Phantom Cannons of Hull

by MJ Wayland

While researching unrelated books and articles, I often uncovered strange articles or incidents buried within old literature. During one of many visits to the Bradford Central Library I came across the following passage in the “Yorkshire Folklore Journal Vol.1”.

Charles Fort wrote about the “Guns of Barisal” – a series of phantom sounds during the 1890s that were thought to be cannon fire, strangely the piece I found discusses a similar incident in 1658 – the Phantom Cannons of Hull.

The article was originally found in “Chamber’s Papers for the People”, a chapter “relating to Yorkshire”.

“The true relation of a strange and very wonderful thing that was heard in the air October 12th, 1658, by hundreds of people:

Now I come to relate the matter, the which was thus:

Upon the 12th day of October, in the afternoon, there was heard by some hundreds of people in Holderness, Hedon, and about Hull, and several other places in Yorkshire first, three great pieces of ordnance or cannons discharged in the air one after another, very terrible to hear, and afterwards immediately followed a peal of muskets. This shooting off of muskets continued about an half-quarter of an hour, drums beating all the while in the manner just as if two armies had been engaged. Such as heard the aforesaid cannons, muskets, and drums, do report that the sound was from the north-east quarter, and, to their thinking not far from the place where they stood.

Two men being together about six miles from Hull in Holderness, near Humber-side, supposed it was directly over Hull; whereupon one said to the other, “It being the sheriff’s riding-day at Hull, this peal of muskets must be there; and see (quoth he) how the smoke riseth !” Now the reason why he mentioned the smoke was, because no sooner was this noise finished over Hull, but (as it happeneth after the discharge of guns) there arose a very great smoke or thick mist round about the town, although immediately before (the day being very clear day, and the sun shining all the while bright) he saw the town very perfectly.

One thing more was observed by him who saw the smoke over Hull; that all the while this prodigious noise continued (which was as he supposed, about the eighth part of an hour), the face of the sky (as in the eclipse of the sun) waxed very dim; yea, such tremble and quake under him.

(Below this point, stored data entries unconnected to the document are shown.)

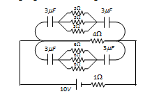 In steady state current flows through 4W resistance only and it is . Potential difference across 4W resistance is
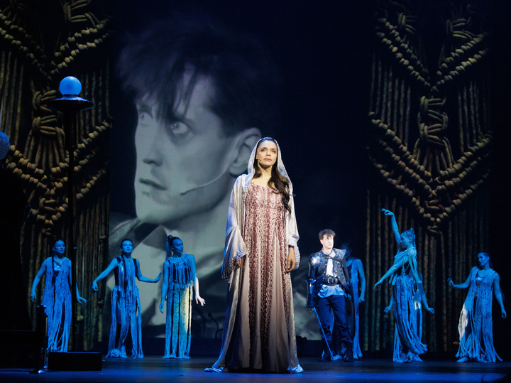 Просперо вызывает бурю, и эта сцена, решенная театрально-кинематографическими средствами, завораживает. Масштаб полотна и тщательность в проработке деталей идут здесь рука об руку. За темным тюлем в глубине сцены в пластическом рисунке (хореограф Елена Соболева-Пугачева) мечутся моряки, оказавшиеся в плену разгулявшейся стихии — сплетенье рук и корабельных канатов, падающие, бьющиеся о видео волны тела. На самом же тюле, который работает экраном, крупным планом в режиме онлайн выведены лица, глаза, полные отчаяния, рты, разрываемые криком, что заглушает рев волн. Оператор с камерой движется среди моряков по определенной траектории, и камера фиксирует эмоцию борьбы за выживание.
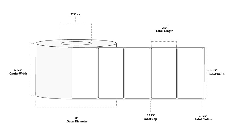 5" x 2.5" Premium Thermal Transfer Paper Label; Perforated; 3" Core; 8" OD; 4 Rolls/carton (2,500 Labels/roll)
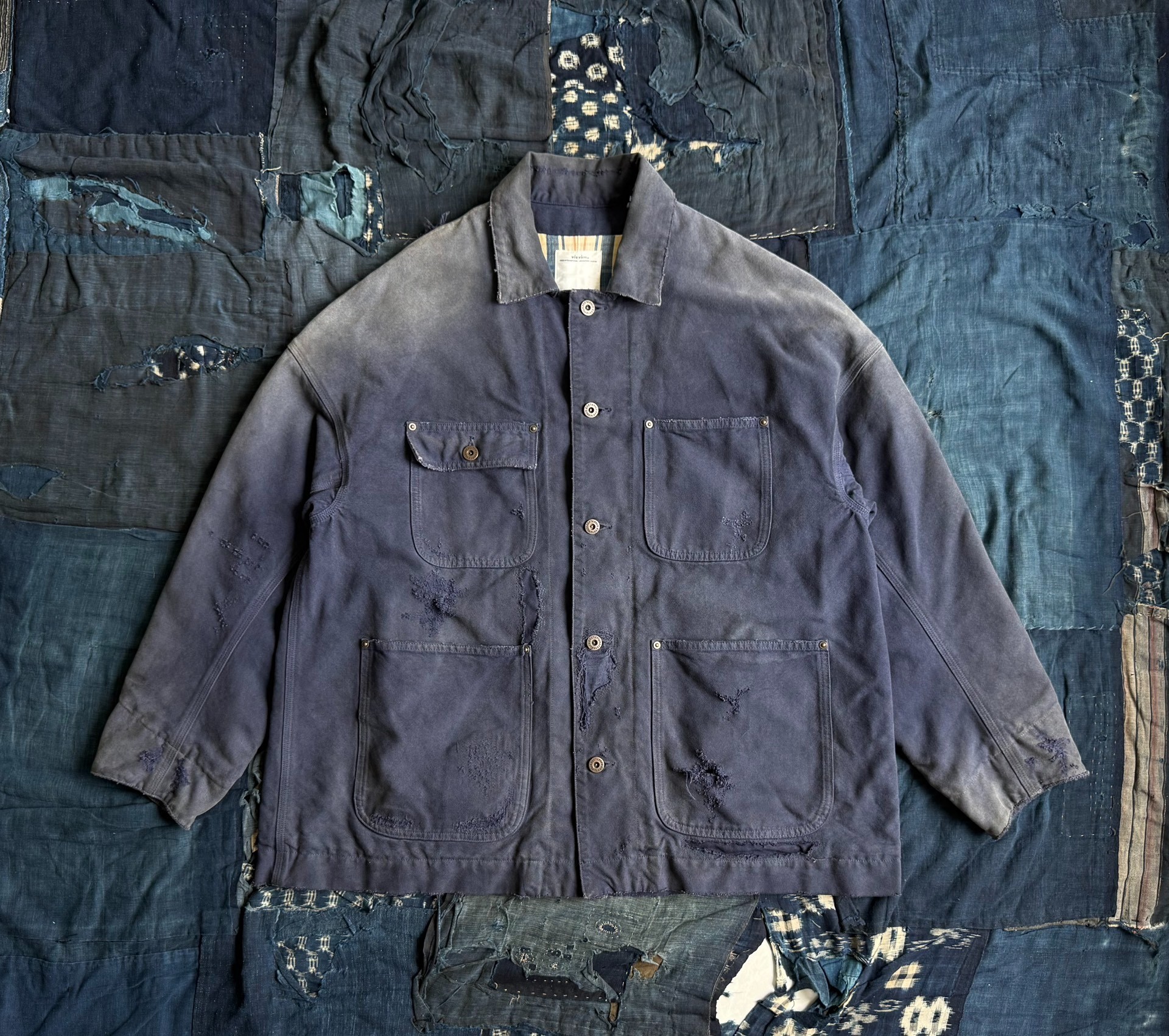 VISVIM 22SS MACRAY COVERALL CRASH distressed work jacket with four pockets
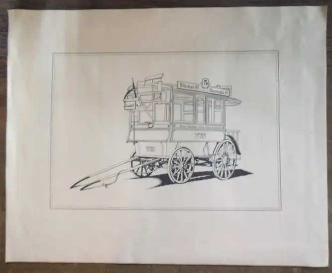 Freie Beschreibung: Blattgröße: 40 x 50 cm, Druckgröße 25 x 36 cm. 6 Blatt Schwarz-Weiß Drucke mit gezeichneten Ansichten von historischen Autobussen (Eindecker und Doppeldecker) aus verschiedenen Jahrzehnten des 20. Jahrhunderts, die in Berlin zum Einsatz kamen. Die Drucke sind an den linken Seitenrändern teilweise etwas geknickt, sonst guter Zustand
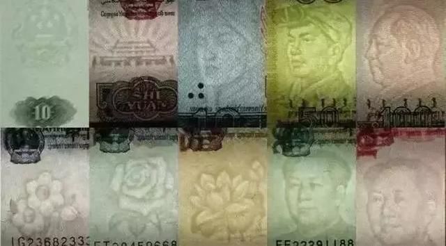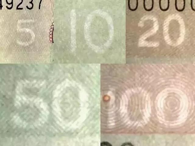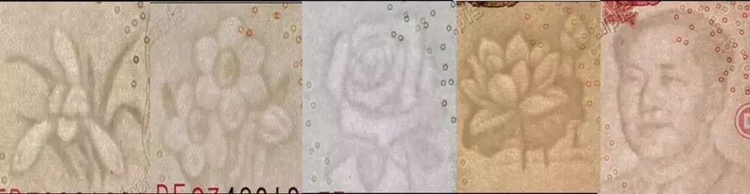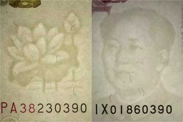 每每收到一张钞, 都会不自觉的举过头顶, 对光看水印。 你有这个习惯吗?  水印不仅漂亮, 而且是我们辨别假币的 一个重要方法, 那么你有没有想过, 水印是怎么形成的?  各种水印 ▲各种水印 水印在抄纸过程中, 通过预制专用的模具 (有凹凸图案), 改变纸浆纤维的密度, 水印类 按水印在票面位置 分布的不同, 可分为满版水印、 连续水印和固定水印。  满版水印 ▲满版水印 连续水印, 水印固定出现在 某一行或者某一列的位置。  连续水印 ▲连续水印 固定水印, 最常见的一种, 水印出现在票面的固定位置。  固定水印 ▲固定水印 我国首次自主研发的 固定水印应用在 第三套人民币的10元券上面, 水印图案为天安门。  天安门水印 天安门水印 ▲天安门水印 2 如果按水印的透光性不同, 又可分为白水印、 黑水印和多层次水印。 白水印也就是高透光水印,  第五套人民币上的面额数字白水印 ▲第五套人民币上的面额数字白水印 黑水印是相对于 白水印而言的。  实心五角星黑水印 ▲实心五角星黑水印 多层次水印是 指不同透光性的水印 组合在一起形成的层次感 较强的水印图案。  第五套人民币上的人像和花卉多层次水印 ▲第五套人民币上的人像和花卉多层次水印 庞大的水印家族 第一套人民币就 已经有水印了, 59种券别, 其中有16种券别是 有水印图案的。  波纹满版水印 ▲波纹满版水印 第二套人民币1角、2角、5角、 1元、5元券(1956年第一版) 为空心五角星满版水印。 2元、3元、5元券 (1953年版和1956年第二版) 为实心五角星花纹 混合满版水印(俗称海鸥水印)。  海鸥满版水印 ▲海鸥满版水印 10元券为中华人民共和国 国徽图案固定水印纸 (前苏联技术)。  国徽固定水印 ▲国徽固定水印 第三套人民币10元是 天安门固定水印 (我国自主技术), 其它面值都是满版水印。  天安门固定水印 ▲天安门固定水印 1元和2元有国旗五星和 五星古币两种图案, 其它面值都是国旗五星, 角币只有个别版本带水印。  五星古钱币满版水印 ▲五星古钱币满版水印 第四套人民币的水印有: 古钱币满版水印(1元、2元、5元)、 五星满版水印(1996版1元)、 农民人像(10元)、工人人像(50元)、 毛主席人像(100元)。 我国在第四套人民币中 首次应用固定人像水印技术。  固定人像水印 ▲固定人像水印 第五套人民币上的水印图案有: 1元兰花,5元水仙花, 10元月季花,20元荷花, 50元和100元毛主席人像。  第五套人民币水印 ▲第五套人民币水印 水印不仅漂亮, 还是很重要的防伪手段, 对钱币集藏爱好者水印 也是集藏的一个重要参考, 一些特别的水印 还成为了珍稀品种。 不止是人民币有水印 不光是人民币纸钞上有水印, 贵金属纪念币证书及 纪念券上也有防伪水印。  菊花水印 ▲早期的菊花水印  熊猫水印 ▲现在的熊猫水印  奥运主题金银币的特定水印 ▲奥运主题金银币的特定水印 水印曾拍出天价! 2011年一幅 《圣母玛利亚》水印孤品, 在法国巴黎某私人拍卖会上 一次就拍出70万法郎的高价。  《圣母玛利亚》水印孤品 ▲《圣母玛利亚》水印孤品 名家水印,一张难求。 一些水印设计, 由于出自名家之手, 后世升值价值极高。  《查尔斯王子和戴安娜公主》水印肖像 ▲《查尔斯王子和戴安娜公主》水印肖像 我国自1957年起, 开始研制自己的 专用水印钞纸, 80年代中期 我国终于研制出 高难度的固定头像水印,  我国于1987年4月27日 起陆续发行的 第四套新版人民币, 以全新的面貌 展现在我国人民面前, 证明了我国的水印技术 已经达到世界领先水平。
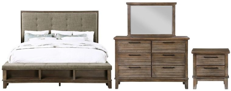Set includes bed, dresser, mirror, and nightstand
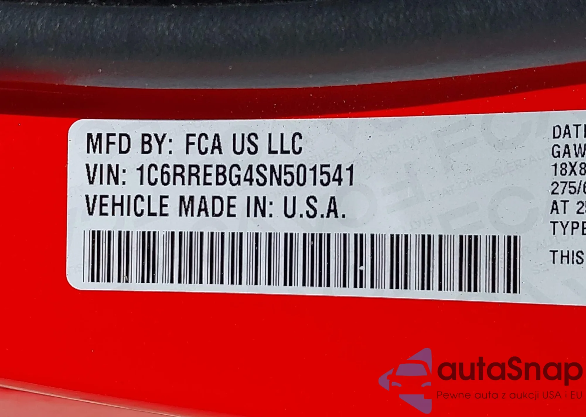 • VIN 1C6RREBG4SN501541
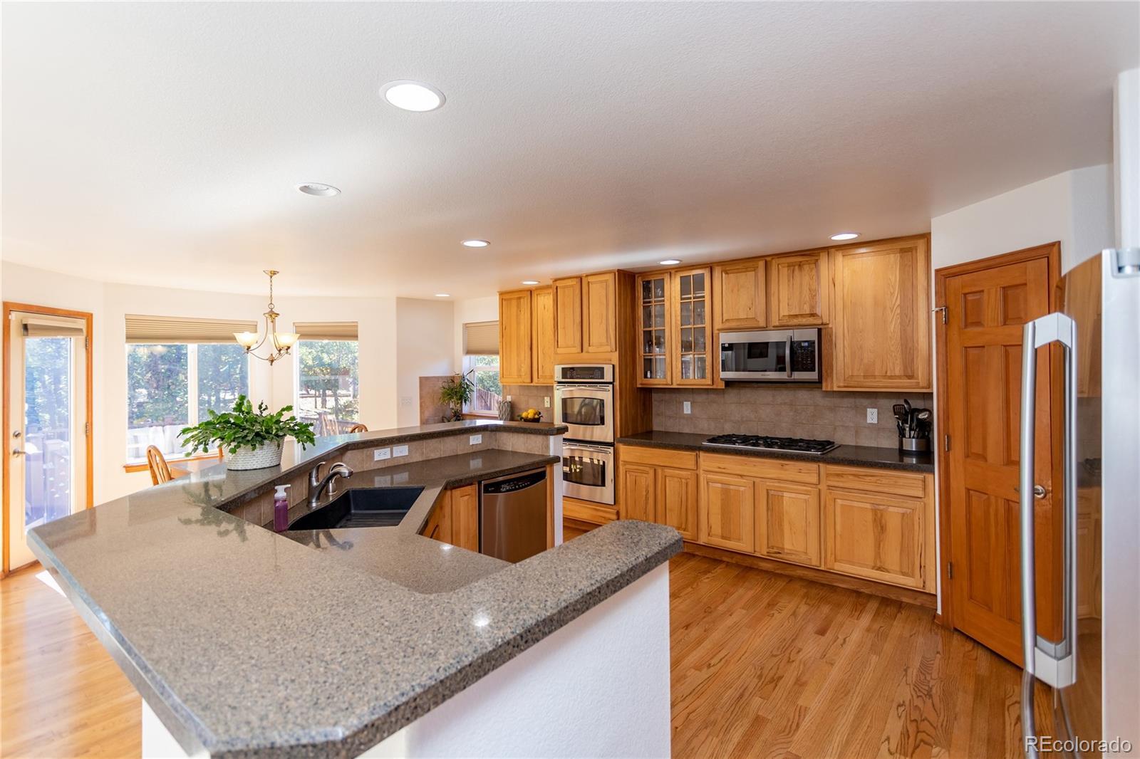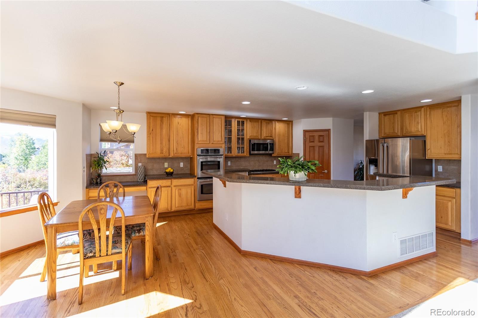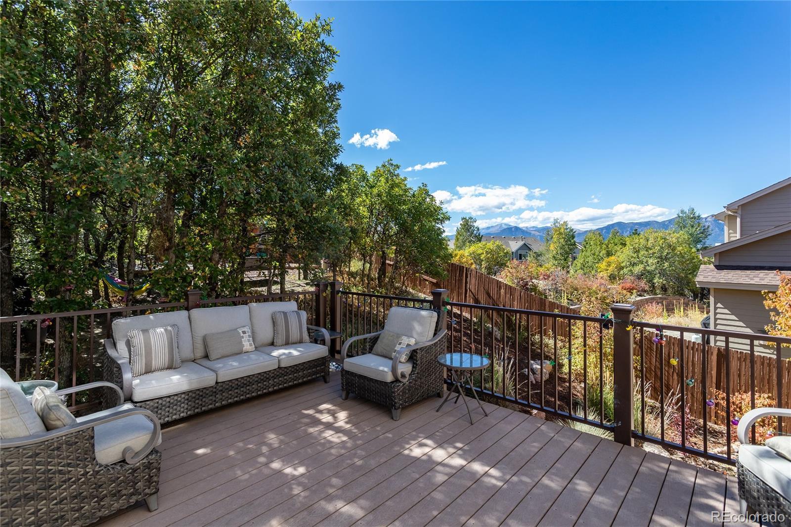 Welcome to your dream home in the highly sought-after District 20 of Colorado Springs! This exquisite 5-bedroom, 4-bath residence offers sweeping views of the Front Range and a lifestyle of comfort, elegance, and functionality. Step inside to a bright and open floor plan that welcomes you with soaring cathedral ceilings, an abundance of natural light streaming through large windows, and a seamless flow into the expansive great room. The heart of the home is the gourmet kitchen complete with a gas cooktop, double ovens, bar seating, and a spacious dining nook, perfect for everyday living or hosting unforgettable gatherings. A formal dining room provides an elegant space for entertaining, while a versatile sixth room with a closet and egress window can serve as an office, guest room, or additional bedroom. Wake up to breathtaking views of Pikes Peak from the serene primary suite, or enjoy peaceful moments from the oversized back deck overlooking the beautifully landscaped, fully fenced yard. Your private outdoor oasis includes a relaxing gazebo with a hot tub ideal for soaking under the star playground equipment with a slide, a tranquil water feature, and plenty of space to roam on the generous .37-acre lot. Additional highlights include: Fresh exterior paint (just 1 year old), lovely front patio with negotiable patio furniture, plenty of large windows with window coverings throughout, spacious bedrooms and updated bathrooms, thoughtfully designed for both everyday comfort and grand entertaining.Don’t miss the opportunity to own this exceptional home that blends luxury, location, and mountain charm. Schedule your private tour today!
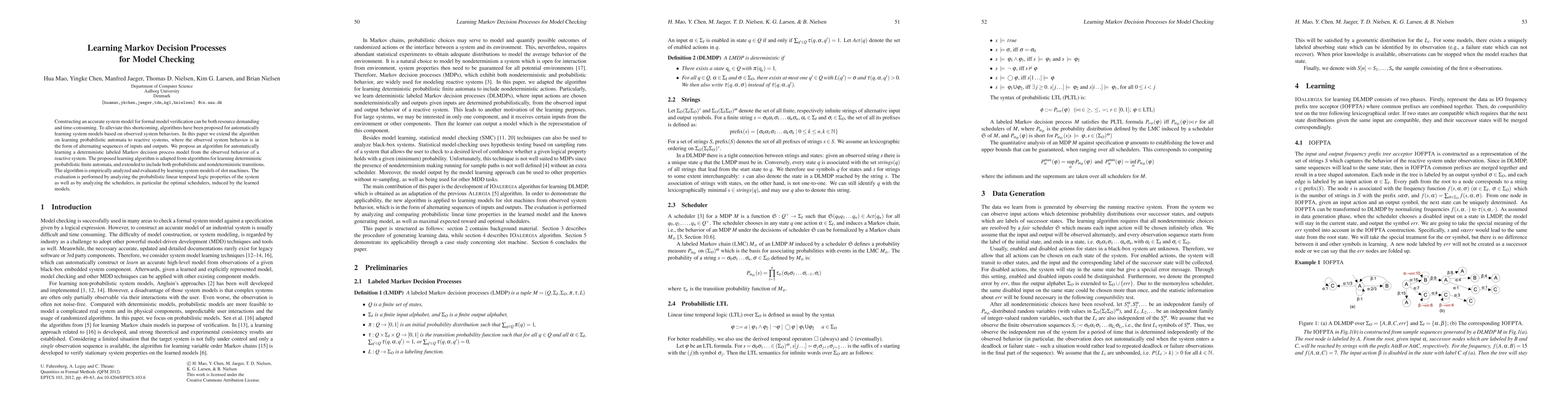 Constructing an accurate system model for formal model verification can be both resource demanding and time-consuming. To alleviate this shortcoming, algorithms have been proposed for automatically learning system models based on observed system behaviors. In this paper we extend the algorithm on learning probabilistic automata to reactive systems, where the observed system behavior is in the form of alternating sequences of inputs and outputs. We propose an algorithm for automatically learning a deterministic labeled Markov decision process model from the observed behavior of a reactive system. The proposed learning algorithm is adapted from algorithms for learning deterministic probabilistic finite automata, and extended to include both probabilistic and nondeterministic transitions. The algorithm is empirically analyzed and evaluated by learning system models of slot machines. The evaluation is performed by analyzing the probabilistic linear temporal logic properties of the system as well as by analyzing the schedulers, in particular the optimal schedulers, induced by the learned models.

A certain gentleman, who had been some time a major in the war, as he was riding with a friend between the towns of Patterington and Ottringham, was so persuaded that some encounter by soldiers was on the other side of a small hill where they were riding, as that they could not but mount the hill to try the truth, so plainly did the drums beat and the muskets go off, and, to their thinking, so near them, as either it must be a sign from heaven or a real battle hard by.

The country people were struck with such strange wonder and deep terror, that they gave over their labour, and ran home with fear; yea, some poor people gathering coals by the seaside were so frightened that they ran away leaving their sacks behind them. In conclusion: for the space of forty miles this fearful noise of cannons, muskets, and drums was heard all the country over.”